◆ Requirement
Set the following entries down again exactly, line by line.

--- START ---

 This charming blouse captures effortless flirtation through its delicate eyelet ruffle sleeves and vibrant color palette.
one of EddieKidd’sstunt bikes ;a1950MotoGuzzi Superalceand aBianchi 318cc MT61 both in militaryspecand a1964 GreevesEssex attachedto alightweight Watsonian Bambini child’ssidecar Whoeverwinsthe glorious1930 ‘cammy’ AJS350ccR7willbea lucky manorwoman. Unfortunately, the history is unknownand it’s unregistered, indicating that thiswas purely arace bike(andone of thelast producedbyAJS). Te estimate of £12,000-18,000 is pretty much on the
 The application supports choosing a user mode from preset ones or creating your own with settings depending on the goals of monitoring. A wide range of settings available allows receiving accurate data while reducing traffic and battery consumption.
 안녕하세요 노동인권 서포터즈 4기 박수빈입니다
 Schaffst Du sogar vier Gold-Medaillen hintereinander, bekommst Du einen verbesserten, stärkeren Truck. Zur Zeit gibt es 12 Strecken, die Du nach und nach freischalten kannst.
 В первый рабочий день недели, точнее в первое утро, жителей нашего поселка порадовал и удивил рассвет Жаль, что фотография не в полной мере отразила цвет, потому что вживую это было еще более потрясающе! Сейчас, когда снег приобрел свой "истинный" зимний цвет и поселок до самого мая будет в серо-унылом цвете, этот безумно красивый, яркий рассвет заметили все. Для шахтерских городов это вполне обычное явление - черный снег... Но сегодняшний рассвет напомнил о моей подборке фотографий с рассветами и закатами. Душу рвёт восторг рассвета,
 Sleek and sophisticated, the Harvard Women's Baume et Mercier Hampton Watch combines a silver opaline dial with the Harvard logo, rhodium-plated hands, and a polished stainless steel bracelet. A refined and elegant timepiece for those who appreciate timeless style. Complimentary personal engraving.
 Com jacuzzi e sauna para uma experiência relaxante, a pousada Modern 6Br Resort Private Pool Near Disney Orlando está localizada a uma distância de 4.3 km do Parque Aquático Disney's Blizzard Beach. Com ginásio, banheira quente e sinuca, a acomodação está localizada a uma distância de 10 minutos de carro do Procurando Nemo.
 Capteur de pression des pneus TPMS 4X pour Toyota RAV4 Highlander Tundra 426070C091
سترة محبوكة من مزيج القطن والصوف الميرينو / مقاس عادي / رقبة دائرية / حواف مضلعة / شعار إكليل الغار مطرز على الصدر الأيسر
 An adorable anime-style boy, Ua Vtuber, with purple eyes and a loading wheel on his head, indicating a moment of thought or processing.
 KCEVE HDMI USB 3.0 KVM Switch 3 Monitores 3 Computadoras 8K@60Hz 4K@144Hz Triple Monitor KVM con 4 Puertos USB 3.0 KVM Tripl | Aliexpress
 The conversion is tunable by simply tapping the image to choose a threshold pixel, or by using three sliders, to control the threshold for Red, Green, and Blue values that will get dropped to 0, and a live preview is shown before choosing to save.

--- END ---

◆ Answer to this exercise
 This charming blouse captures effortless flirtation through its delicate eyelet ruffle sleeves and vibrant color palette.
one of EddieKidd’sstunt bikes ;a1950MotoGuzzi Superalceand aBianchi 318cc MT61 both in militaryspecand a1964 GreevesEssex attachedto alightweight Watsonian Bambini child’ssidecar Whoeverwinsthe glorious1930 ‘cammy’ AJS350ccR7willbea lucky manorwoman. Unfortunately, the history is unknownand it’s unregistered, indicating that thiswas purely arace bike(andone of thelast producedbyAJS). Te estimate of £12,000-18,000 is pretty much on the
 The application supports choosing a user mode from preset ones or creating your own with settings depending on the goals of monitoring. A wide range of settings available allows receiving accurate data while reducing traffic and battery consumption.
 안녕하세요 노동인권 서포터즈 4기 박수빈입니다
 Schaffst Du sogar vier Gold-Medaillen hintereinander, bekommst Du einen verbesserten, stärkeren Truck. Zur Zeit gibt es 12 Strecken, die Du nach und nach freischalten kannst.
 В первый рабочий день недели, точнее в первое утро, жителей нашего поселка порадовал и удивил рассвет Жаль, что фотография не в полной мере отразила цвет, потому что вживую это было еще более потрясающе! Сейчас, когда снег приобрел свой "истинный" зимний цвет и поселок до самого мая будет в серо-унылом цвете, этот безумно красивый, яркий рассвет заметили все. Для шахтерских городов это вполне обычное явление - черный снег... Но сегодняшний рассвет напомнил о моей подборке фотографий с рассветами и закатами. Душу рвёт восторг рассвета,
 Sleek and sophisticated, the Harvard Women's Baume et Mercier Hampton Watch combines a silver opaline dial with the Harvard logo, rhodium-plated hands, and a polished stainless steel bracelet. A refined and elegant timepiece for those who appreciate timeless style. Complimentary personal engraving.
 Com jacuzzi e sauna para uma experiência relaxante, a pousada Modern 6Br Resort Private Pool Near Disney Orlando está localizada a uma distância de 4.3 km do Parque Aquático Disney's Blizzard Beach. Com ginásio, banheira quente e sinuca, a acomodação está localizada a uma distância de 10 minutos de carro do Procurando Nemo.
 Capteur de pression des pneus TPMS 4X pour Toyota RAV4 Highlander Tundra 426070C091
سترة محبوكة من مزيج القطن والصوف الميرينو / مقاس عادي / رقبة دائرية / حواف مضلعة / شعار إكليل الغار مطرز على الصدر الأيسر
 An adorable anime-style boy, Ua Vtuber, with purple eyes and a loading wheel on his head, indicating a moment of thought or processing.
 KCEVE HDMI USB 3.0 KVM Switch 3 Monitores 3 Computadoras 8K@60Hz 4K@144Hz Triple Monitor KVM con 4 Puertos USB 3.0 KVM Tripl | Aliexpress
 The conversion is tunable by simply tapping the image to choose a threshold pixel, or by using three sliders, to control the threshold for Red, Green, and Blue values that will get dropped to 0, and a live preview is shown before choosing to save.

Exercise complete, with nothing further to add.